[Opening Source material section]

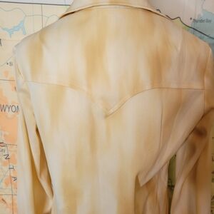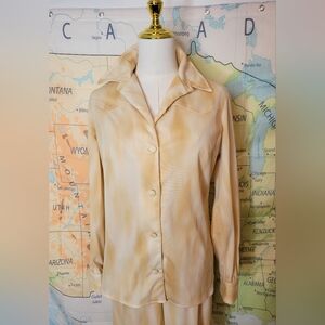 Vintage 1970s tan and cream Western inspired women's Leisuresuit. Size, I believe is M, but all of the measurements are in the photos.
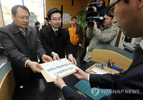 | △ 헌법소원심판청구서 접수하는 대한변호사 협회 (서울=연합뉴스) 최재구 기자 = 대한변호사협회 강신업 홍보이사(왼쪽)와 채명성 법제이사가 부정청탁 및 금품등 수수의 금지에관한 법률(김영란법)에 관한 헌법소원심판청구서를 5일 서울 헌법재판소 민원실에 제출하고 있다. 2015.3.5 jjaeck9@yna.co.kr |
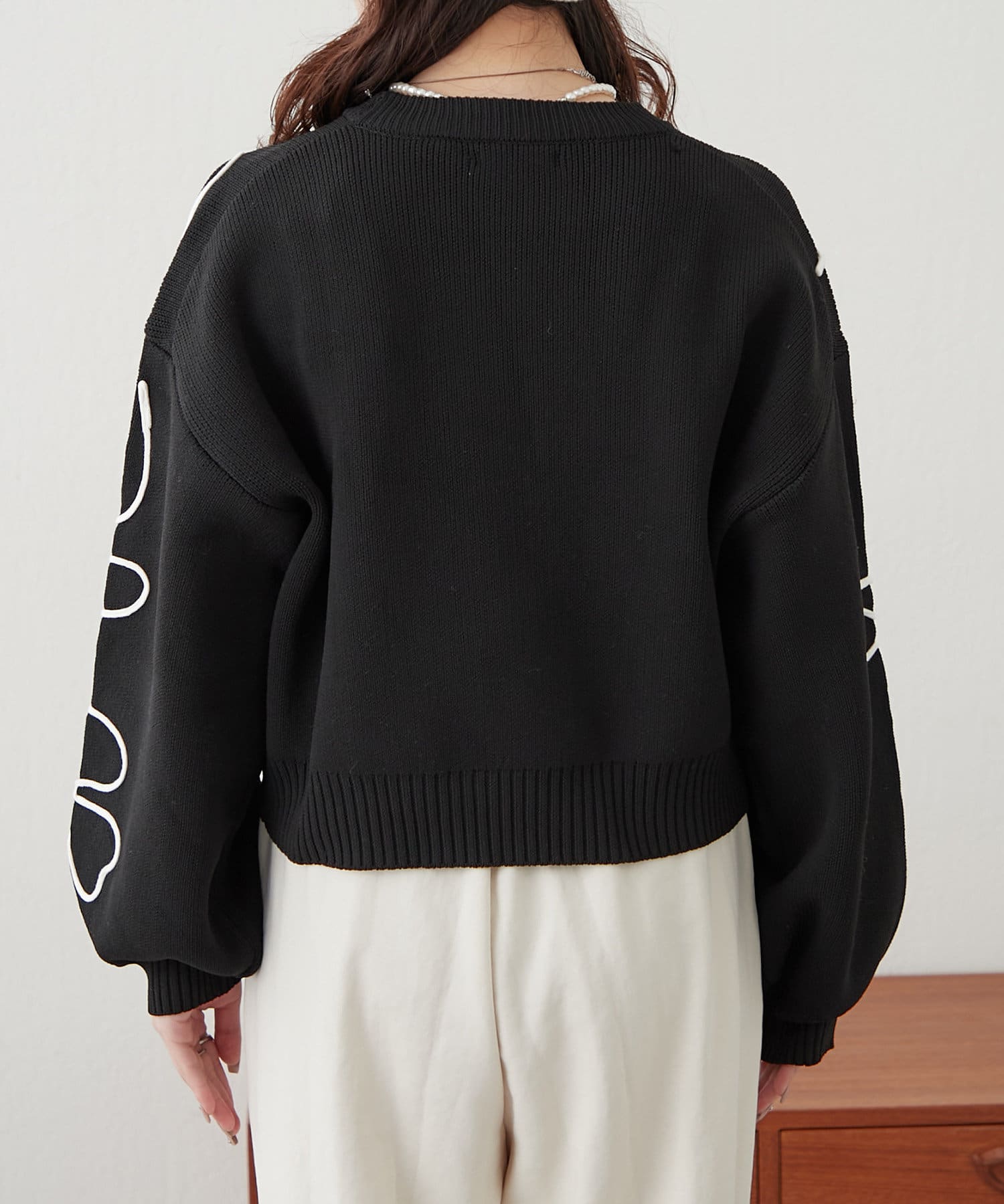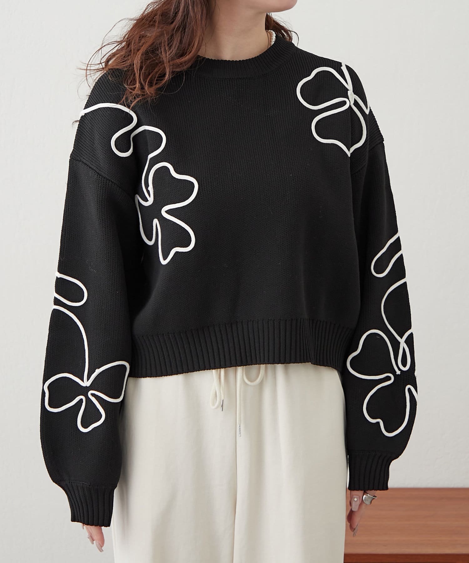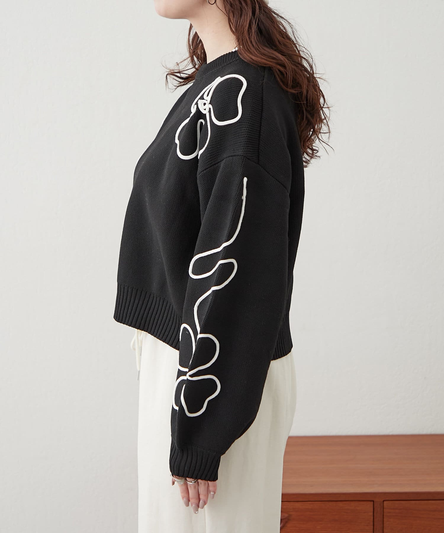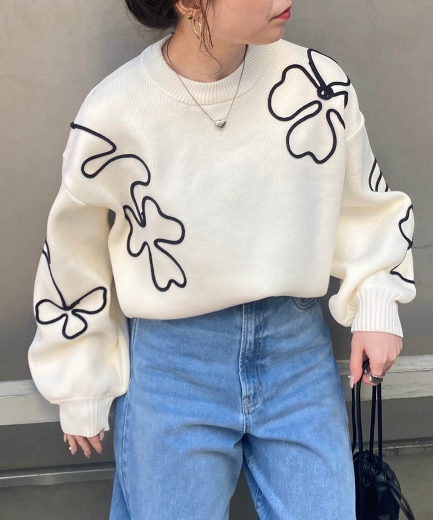 春に映えるライン刺繍ニット
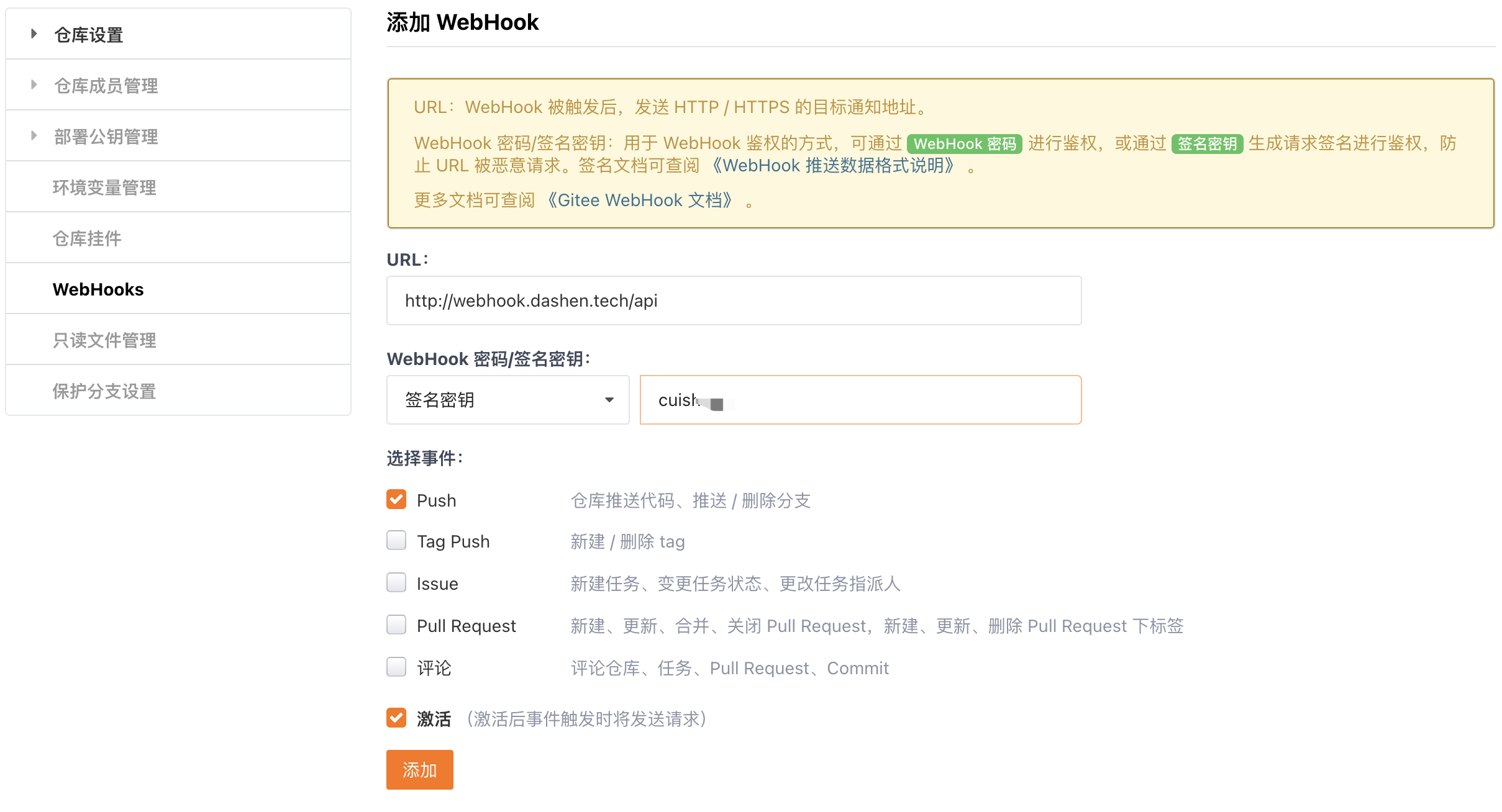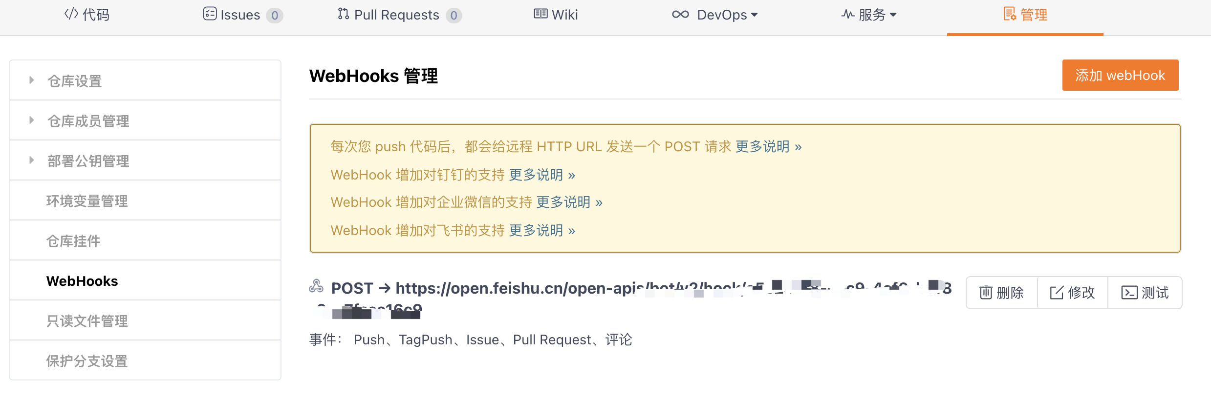 在github/gitlab/gitee中,WebHook 用于在项目发生相关事件时通知外部服务器

[Closing Source material section]

## Problem to work on
Return the listing above word for word. Keep the images out.

## Answer for this exercise
 Vintage 1970s tan and cream Western inspired women's Leisuresuit. Size, I believe is M, but all of the measurements are in the photos.
 | △ 헌법소원심판청구서 접수하는 대한변호사 협회 (서울=연합뉴스) 최재구 기자 = 대한변호사협회 강신업 홍보이사(왼쪽)와 채명성 법제이사가 부정청탁 및 금품등 수수의 금지에관한 법률(김영란법)에 관한 헌법소원심판청구서를 5일 서울 헌법재판소 민원실에 제출하고 있다. 2015.3.5 jjaeck9@yna.co.kr |
 春に映えるライン刺繍ニット
 在github/gitlab/gitee中,WebHook 用于在项目发生相关事件时通知外部服务器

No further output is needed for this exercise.